Monday, April 12, 2010

Filling the Social Commerce Void

With over 70% of shoppers consulting ratings and reviews during the shopping process and 1/3 of consumers following retailers on their social networks, there is no disputing the power of social commerce. Yet few companies are capitalizing on these interactions to the fullest extent.

Most companies treat user generated content as a type of product copy – but these companies are missing a key opportunity. Not only are social contributors and active participants important influencers, but they also spend disproportionately more online than their counterparts and openly share valuable information about their preferences. Yet, few companies are acting on this by rewarding these active participants with targeted responses and marketing tactics.

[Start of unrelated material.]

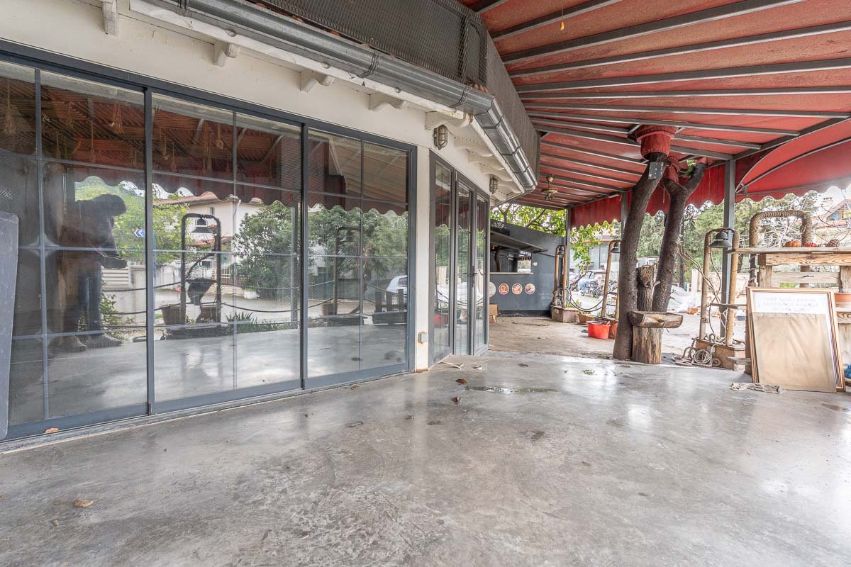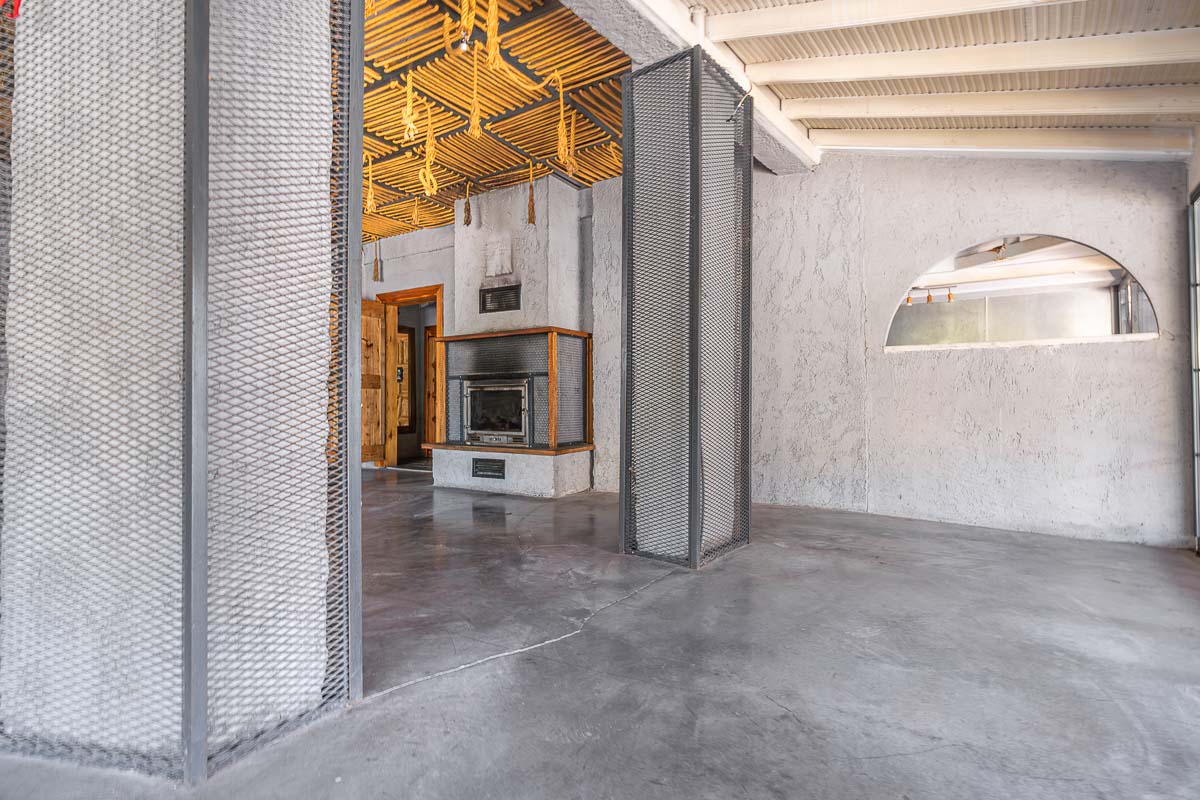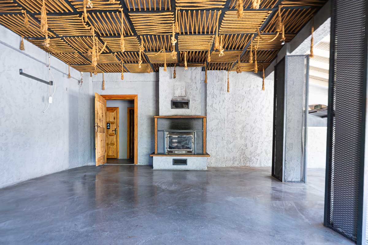 Beton dokulu duvarlar, antrasit metal doğramalar ve şömine detaylı iç mekan, markanıza modern bir kimlik kazandırıyor. Ön cephedeki geniş veranda, açık hava kullanımı gerektiren iş modelleri için konforlu bir alan oluşturuyor.

Like most social contributors, I typically write reviews about products that I am the most passionate about (whether it’s from a positive or negative perspective). I recently wrote a review for a trusty cordless drill that I’ve had for several years. Upon submission of my review, the page wasn’t personalized, nothing changed, and I didn’t even receive a thank you response. What was even more annoying was that my review was never posted. Perplexed, I finally sent a note asking the retailer why they had not posted the review – they replied that I had reviewed a previous version of the product. The reality is that the model hadn’t changed in three years and was identical to the current version, which I had stated in my review as well.

Throughout this interaction, the retailer missed out on several opportunities to respond to my moments of truth. First, when I ranked the product 5 stars, they immediately knew I had purchased the product and was pleased with it. Did they offer accessories for that drill machine? No. During that same session, I ended up purchasing a second power tool by the same manufacturer. Upon my next visit had they picked up that I was a brand advocate by recommending products by the same manufacturer? No. Did they in any way capitalize on this brand interaction? Not that I could tell.

This is not an atypical interaction. Most online sellers are thrilled with the value of social commerce for its ability to introduce fresh content that contributes to conversion. But today’s technologies enable you to realize more value from these interactions to deliver a more relevant shopping experience. This enables today’s marketers to act on social participation. For example:
• Segmenting super communicators and brand advocates to properly reward them.
• Proactively responding to antagonists.
• Delivering targeted offers, promotions, and coupons.

When I wrote about how
smarter retailers are redefining the customer journey, a common theme had occurred across dozens of interviews. Today’s marketers view every customer interaction as a moment of truth that tells us something about that customer, wherever they are in their journey. As marketers continue to pursue their customer centric strategies, they will increasingly respond in real time to that positive review you just posted embracing the opportunity to further personalize your experience by capturing the valuable information that you shared.